(…)Mas nosso senhor foi-lhe dando saúde e foi ficando tão bem que em tudo o resto estava são; só que não podia apoiar-se sobre a perna e por isso era obrigado a ficar na cama.
E porque era muito dado a ler livros mundanos e falsos, que se costumam chamar-se cavalaria, sentindo-se bem, pediu que lhe dessem alguns para passar o tempo, mas na casa não se encontrou nenhum daqueles que ele costumava ler e por isso deram-lhe uma Vita Christi e um livro da vida dos Santos em língua pátria.
Lendo-os muitas vezes, algum tanto se ia afeiçoando ao que ali encontrava escrito. Mas, parando de os ler, algumas vezes ficava a pensar nas coisas que tinha lido, e outras vezes pensava nas coisas do mundo nas quais costumava pensar antes.
E de muitas coisas vãs que se ofereciam, uma se apossara tanto do seu coração, que ficava logo embebido a pensar nela duas, três ou quatro horas sem se dar conta, imaginando o que havia de fazer em serviço de uma senhora, os meios que usaria para poder ir à terra onde ela estava, os motes e as palavras que lhe diria, os feitos de armas que Faria ao seu serviço. E ficava tao envaidecido com isso, que não via como era impossívelalcançá-lo, porque a senhora não era de vulgar nobreza: nem condessa nem duquesa, mas o seu estado era mais alto que qualquer destes.
7. Contudo, nosso Senhor o socorria, fazendo com que a estes pensamentos sucedessem outros que nasciam das coisas que lia. Porque, ao ler a vida de nosso Senhor e dos santos, parava a pensar, raciocinando consigo próprio: – E se eu fizesse aquilo que fez S. Francisco e aquilo que fez S. Domingos? – E assim discorria por muitas coisas que achava boas, propondo-se sempre a si mesmo coisas difíceis e importantes, e ao faze-lo parecia-lhe encontrar em si facilidade de as levar a cabo.
Mas todo o seu discorrer era dizer a si próprio: – S. Domingos fez isto; também eu tenho que faze-lo. S. Francisco fez isto; também eu tenho que faze-lo -. Estes pensamentos duravam muito tempo, e depois de se intrometerem outras coisas, apareciam os do mundo mencionados antes, e também neles se detinha muito tempo. E esta sucessão de pensamentos tao diversos durou bastante tempo, detendo-se sempre no pensamento que voltava, quer fosse das façanhas mundanas que desejava fazer, quer outras coisas de Deus que se ofereciam a fantasia, ate que sentindo-se cansado deixava tudo isso e ocupava-se doutras coisas.
8. Notava, ainda, esta diferença: quando pensava nas coisas do mundo, senti a um grande prazer; mas quando depois de cansado as deixava, sentia-se árido e descontente. E quando pensava ir a Jerusalém, descalço e comendo só ervas, e em fazer todos os mais rigores que via que os santos tinham feito, nãosó sentia consolação quando estava nesses pensamentos, mas também depois de os deixar, ficava contente e alegre.
Mas não reparava nisso nem se detinha a ponderar esta diferença, ate que uma vez se lhe abriram um pouco os olhos e começou a maravilhar-se desta diferença e a fazer reflexão sobre ela.

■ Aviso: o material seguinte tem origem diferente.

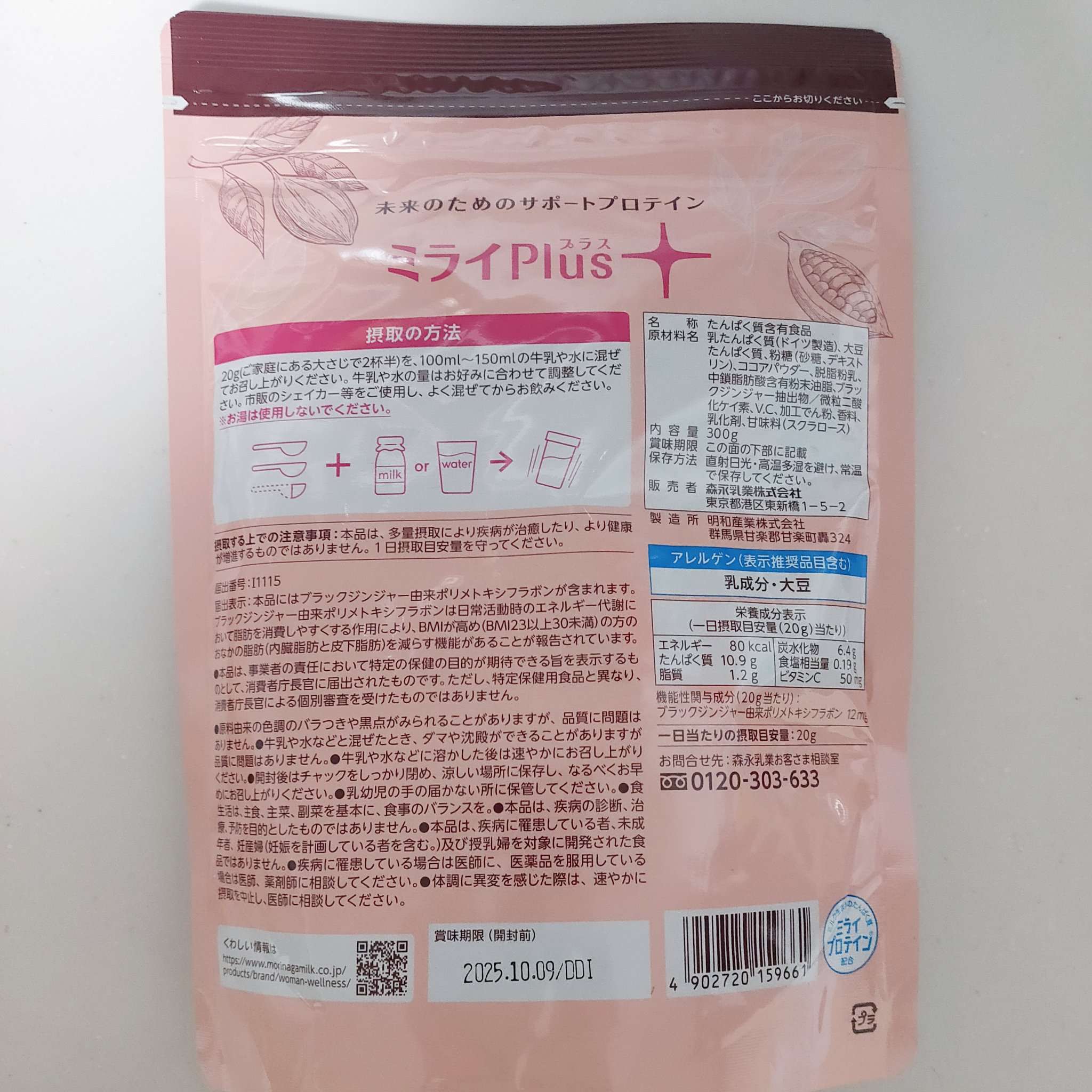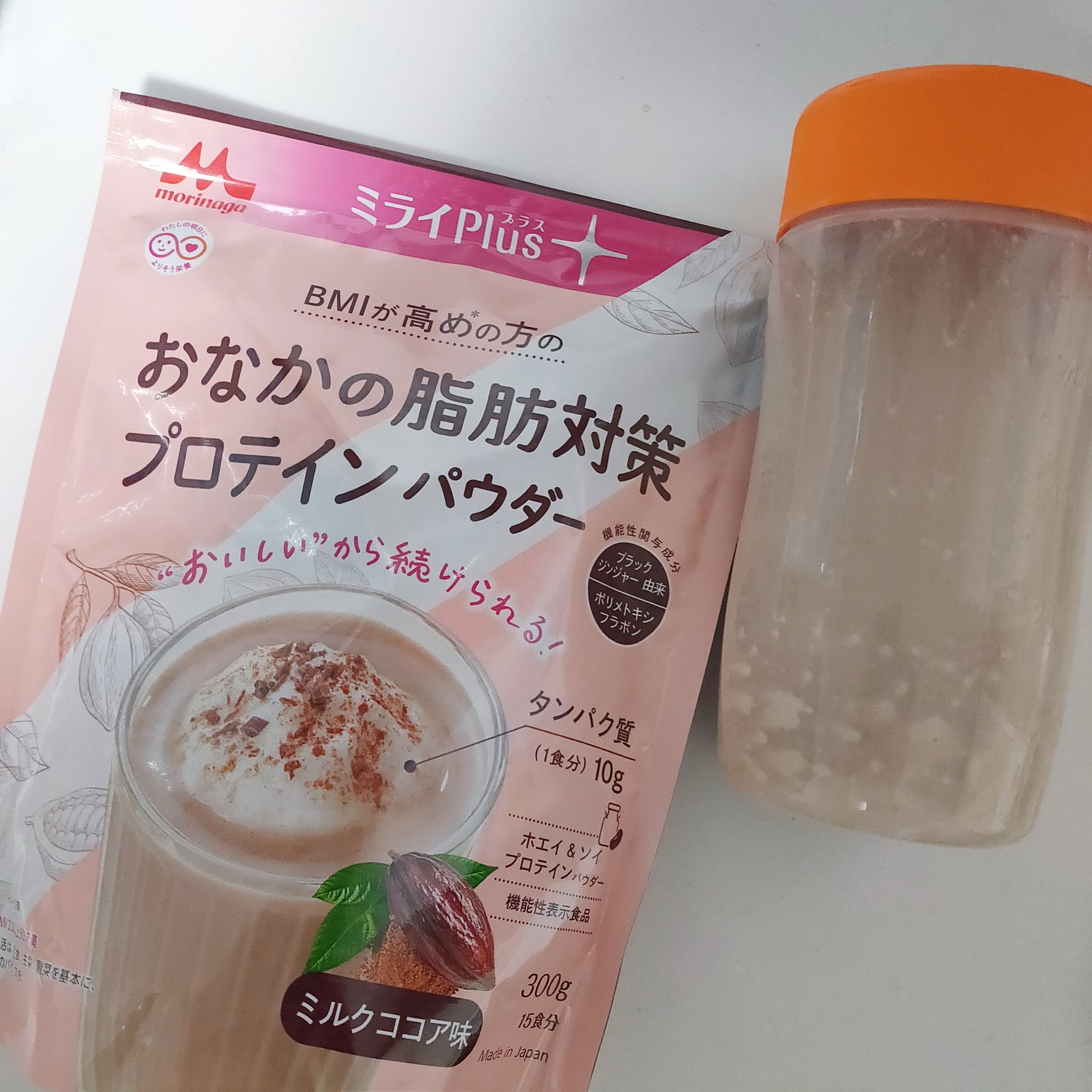 森永 ミライPlusおなかの脂肪対策プロテインパウダー試供品をいただきました。ミルクココア味BMIが高めの方のおなかの脂肪にアプローチするブラックジンジャー由来ポリメトキシフラボン配合の機能性表示食品女性の健康と美に大切なタンパク質を1食あた...
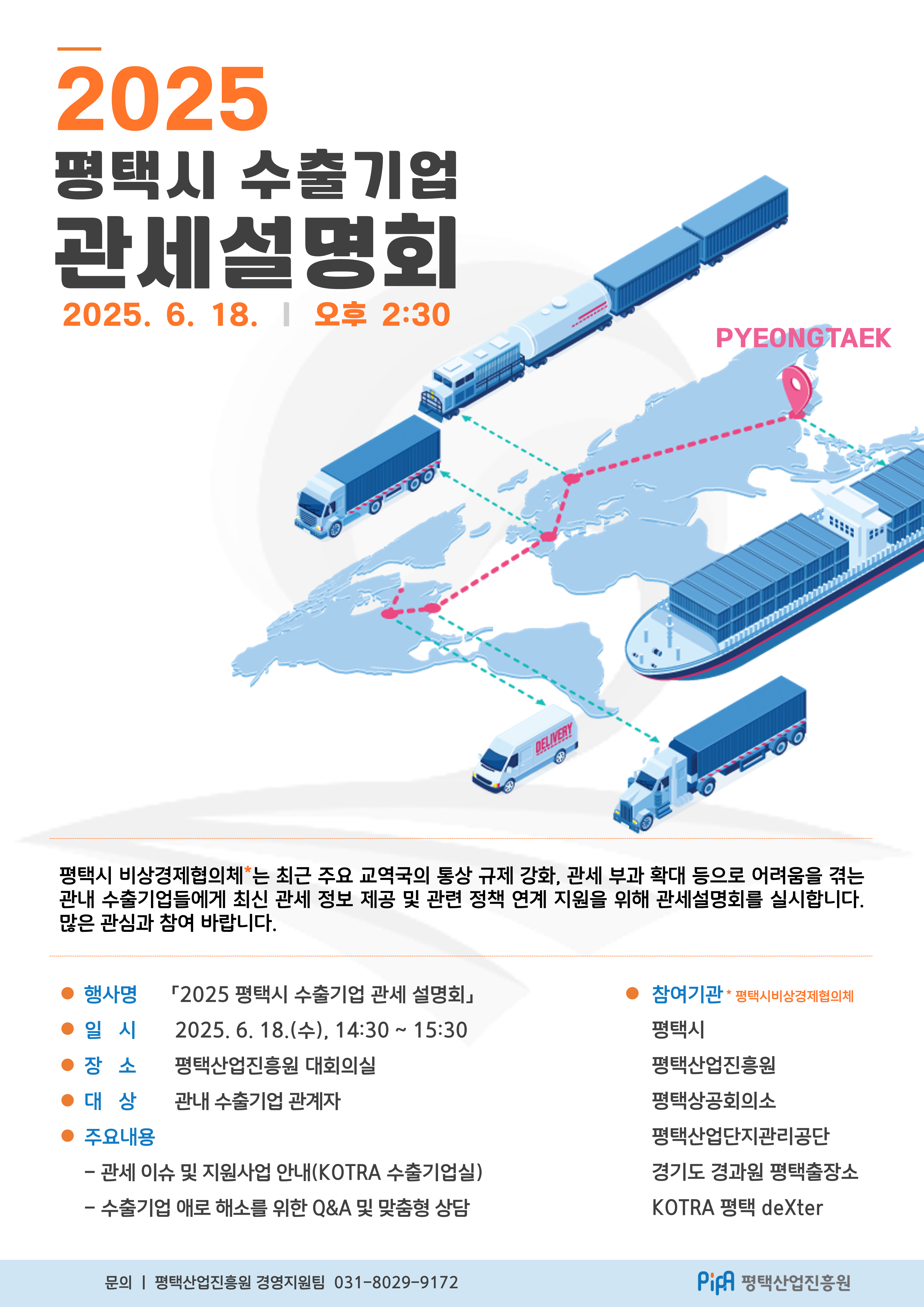 - 행사명 : 「2025 평택시 수출기업 관세 설명회」
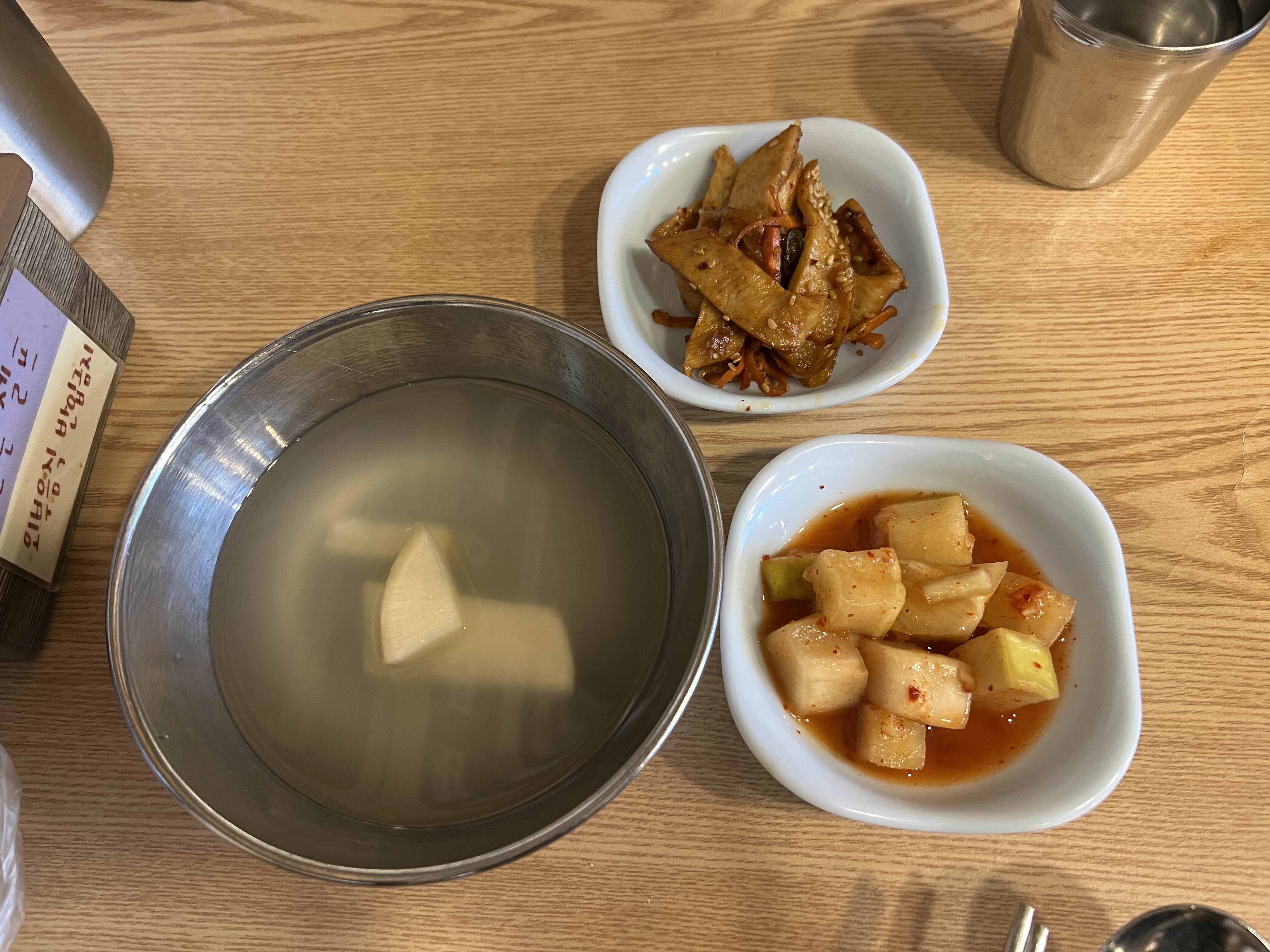 기본 밑반찬은 깍두기와 어묵볶음, 물김치가 나왔다.

Compreendeu então por experiencia que de uns pensamentos ficava triste e de outros alegre, e pouco a pouco veio a conhecer a diversidade dos espíritos que se agitavam: um do demónio e o outro de Deus.

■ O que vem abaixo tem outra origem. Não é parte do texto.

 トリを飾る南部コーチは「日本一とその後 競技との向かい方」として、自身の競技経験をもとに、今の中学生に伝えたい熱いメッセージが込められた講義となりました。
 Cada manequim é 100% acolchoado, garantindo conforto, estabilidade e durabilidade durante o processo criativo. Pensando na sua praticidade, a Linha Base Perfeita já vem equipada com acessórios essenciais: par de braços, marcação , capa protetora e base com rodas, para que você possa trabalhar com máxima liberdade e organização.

[Foi esta a primeira reflexão que fez nas coisas de Deus. E depois, quando fez os Exercícios, daqui começou a tomar luz para o que diz sobre a diversidade de espíritos].
(Autobiografia de Santo Inácio de Loiola, tradução António José Coelho SJ)
Texto de apoio:
Lucas 19, 1-10 (Zaqueu)
Jesus que vai a passar vendo Zaqueu torna esse momento num encontro. O momento deixa de ser uma passagem para ser um encontro. Deste encontro resulta a conversão de Zaqueu que é voluntária e espontânea não tendo sido pedida por ninguém.
TPC – Pontos de Reflexão
A minha conversão:
– Como?
– Porquê?
– Onde?
– Quem?
– A minha conversão podendo ter acontecido num dia concreto é também um desafio diário. Olho para o momento especial da minha conversão tendo presente que a minha conversão acontece também hoje. Nesse sentido preciso de revitalizar a minha conversão.
– A minha conversão não é só reagir à passagem de Deus, é também entrar na lógica de um Deus que dá e assim eu dou também.
Partilharemos o resultado desta experiência.